• _How to complete this task_:
Transcribe each line below verbatim; pictures excluded.

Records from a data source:
○ ○ ○
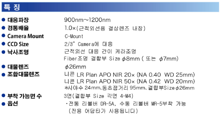 NIR 낙사(에피) 조명과 파이버 조명 결합(φ7/φ8mm)을 지원하며, φ26mm 대물계(예: Nikon LR Plan APO NIR 20×/50×)와 조합해 근적외선 검사/측정 시스템 구성에 적합합니다.
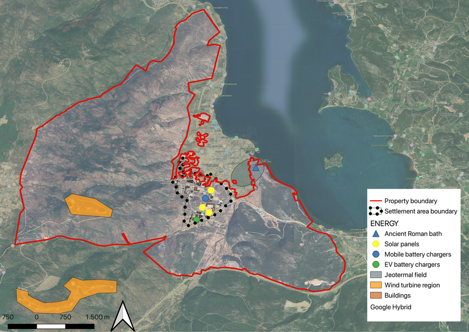 IZTECH completed campus mapping studies that detail important energy and climate elements. This comprehensive map pinpoints the locations of various sustainable resources, including EV charger locations, a mobile charger location, solar energy zones, and a wind turbine zone, alongside historical features like the Ancient Roman bath and a geothermal zone, all made available for public information. Furthermore, to support eco-friendly travel within the campus, the map integrates with an e-scooter application to show the real-time availability and locations of scooters.
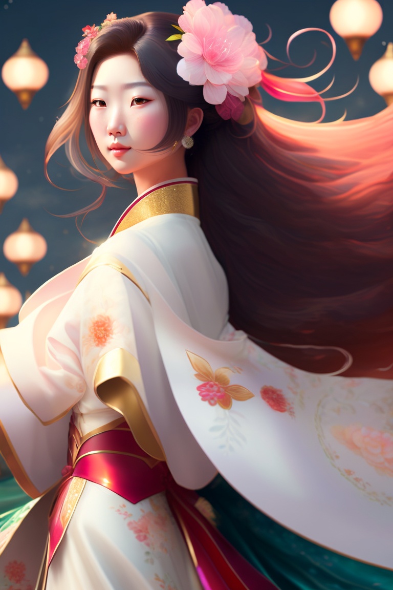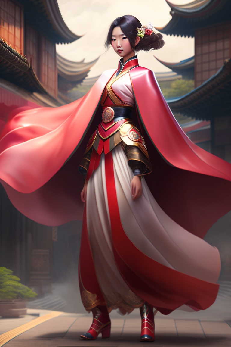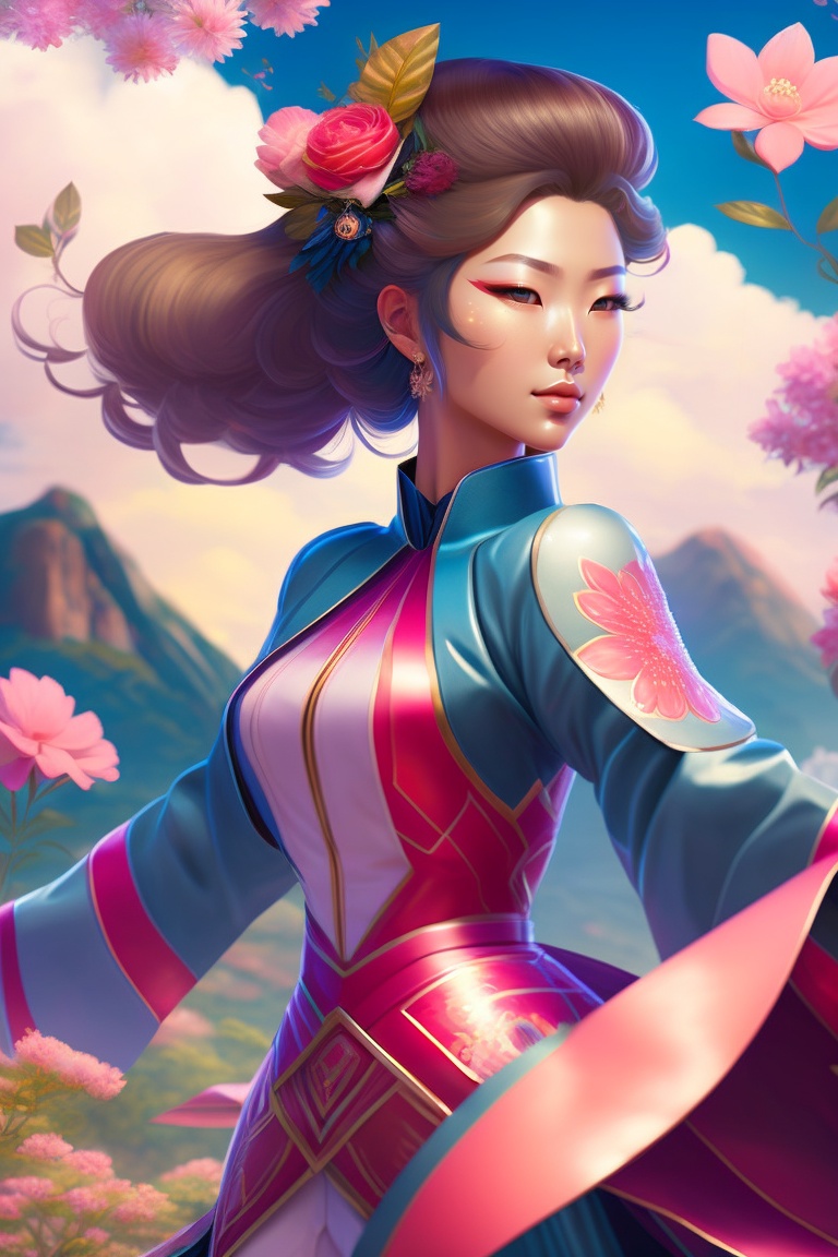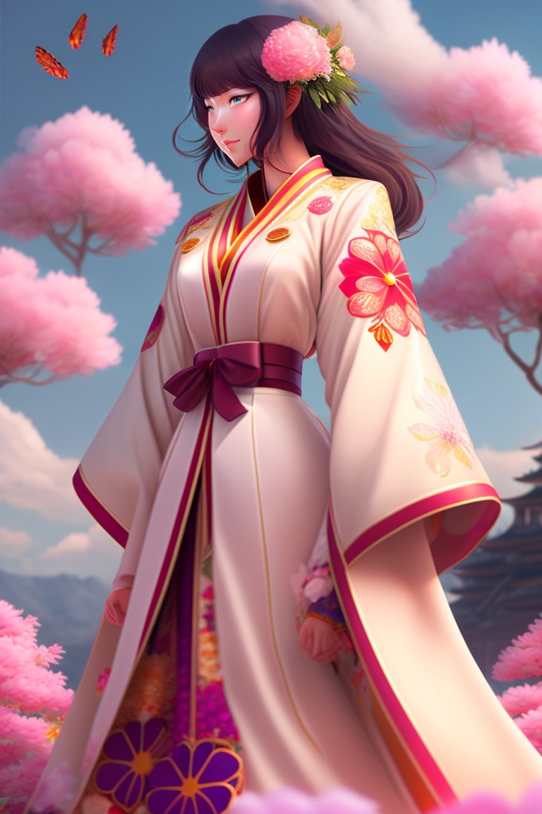 The female japanese superhero stands resolute, her kimono-like dress flowing gracefully, each petal-shaped motif representing a beacon of healing and hope as she channels her hanami hikari power, her entire ensemble emanating an aura of strength and resilience.
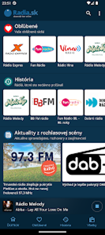 Radia.sk kräver Android 13.0 eller högre. Den nuvarande versionen av appen är 4.0.4 och du kan få den endast på tjeckiska.
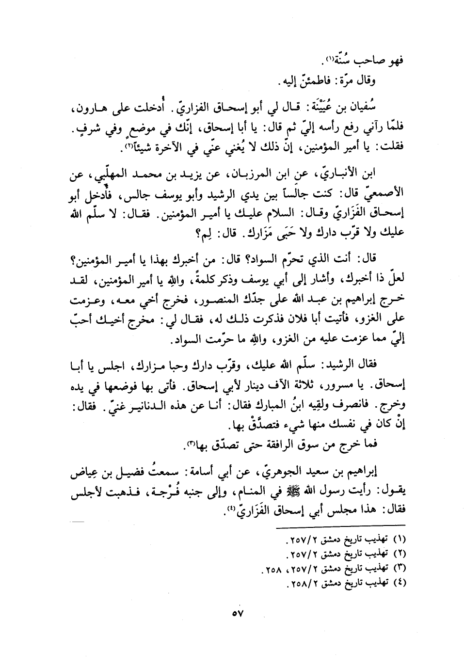 سُفْيَانُ بْنُ عُيَيْنَةَ: قَالَ لِي أَبُو إِسْحَاقَ الْفَزَارِيُّ. أُدْخِلْتُ عَلَى هَارُونَ، فَلَمَّا رَآنِي رَفَعَ رَأْسَهُ إِلَيَّ ثُمَّ قَالَ: يَا أَبَا إِسْحَاقَ، إِنَّكَ فِي مَوْضِعٍ وَفِي شَرَفٍ.
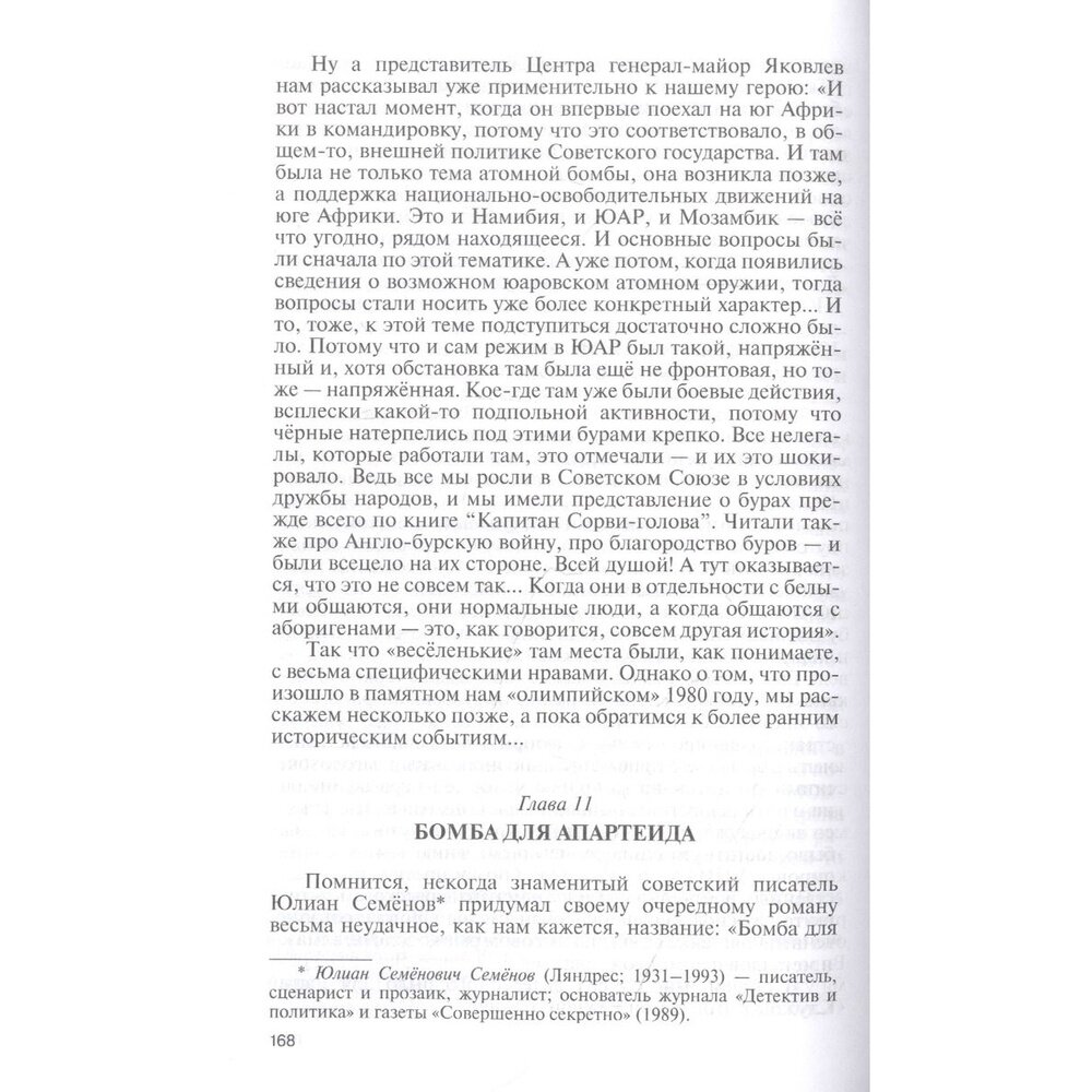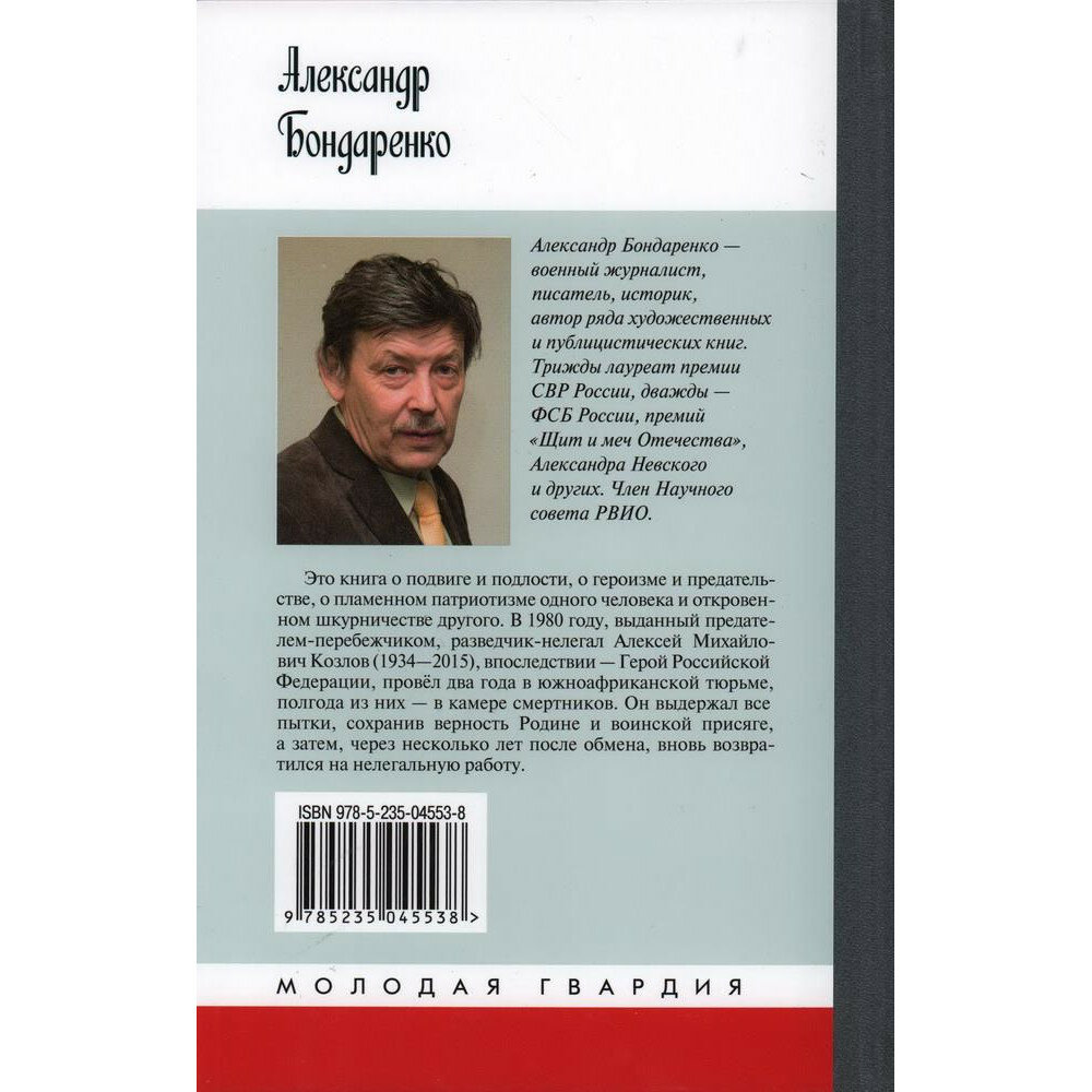 Из всей ярчайшей биографии разведчика-нелегала Героя Российской Федерации Алексея Михайловича Козлова (1934–2015) рассекречен всего лишь один период: в конце 1970-х годов он сумел получить информацию о тайном создании в Южно-Африканской Республике ядерного оружия. В 1980 году, из-за предательства, разведчик оказался в юаровской тюрьме, где ему прошлось пройти через нечеловеческие испытания — но он не сломился, не сдался. Более того, возвратившись после обмена на Родину, Алексей Михайлович вскоре вновь был направлен на нелегальную работу за границу, что стало случаем воистину уникальным: в любой разведке карьера «провалившегося» разведчика заканчивается. В книге впервые достаточно подробно рассказывается и о других страницах биографии легендарного разведчика, а также – о том человеке, который его предал, изменив воинской присяге и своему Отечеству.
○ ○ ○
• _Written response_:
 NIR 낙사(에피) 조명과 파이버 조명 결합(φ7/φ8mm)을 지원하며, φ26mm 대물계(예: Nikon LR Plan APO NIR 20×/50×)와 조합해 근적외선 검사/측정 시스템 구성에 적합합니다.
 IZTECH completed campus mapping studies that detail important energy and climate elements. This comprehensive map pinpoints the locations of various sustainable resources, including EV charger locations, a mobile charger location, solar energy zones, and a wind turbine zone, alongside historical features like the Ancient Roman bath and a geothermal zone, all made available for public information. Furthermore, to support eco-friendly travel within the campus, the map integrates with an e-scooter application to show the real-time availability and locations of scooters.
 The female japanese superhero stands resolute, her kimono-like dress flowing gracefully, each petal-shaped motif representing a beacon of healing and hope as she channels her hanami hikari power, her entire ensemble emanating an aura of strength and resilience.
 Radia.sk kräver Android 13.0 eller högre. Den nuvarande versionen av appen är 4.0.4 och du kan få den endast på tjeckiska.
 سُفْيَانُ بْنُ عُيَيْنَةَ: قَالَ لِي أَبُو إِسْحَاقَ الْفَزَارِيُّ. أُدْخِلْتُ عَلَى هَارُونَ، فَلَمَّا رَآنِي رَفَعَ رَأْسَهُ إِلَيَّ ثُمَّ قَالَ: يَا أَبَا إِسْحَاقَ، إِنَّكَ فِي مَوْضِعٍ وَفِي شَرَفٍ.
 Из всей ярчайшей биографии разведчика-нелегала Героя Российской Федерации Алексея Михайловича Козлова (1934–2015) рассекречен всего лишь один период: в конце 1970-х годов он сумел получить информацию о тайном создании в Южно-Африканской Республике ядерного оружия. В 1980 году, из-за предательства, разведчик оказался в юаровской тюрьме, где ему прошлось пройти через нечеловеческие испытания — но он не сломился, не сдался. Более того, возвратившись после обмена на Родину, Алексей Михайлович вскоре вновь был направлен на нелегальную работу за границу, что стало случаем воистину уникальным: в любой разведке карьера «провалившегося» разведчика заканчивается. В книге впервые достаточно подробно рассказывается и о других страницах биографии легендарного разведчика, а также – о том человеке, который его предал, изменив воинской присяге и своему Отечеству.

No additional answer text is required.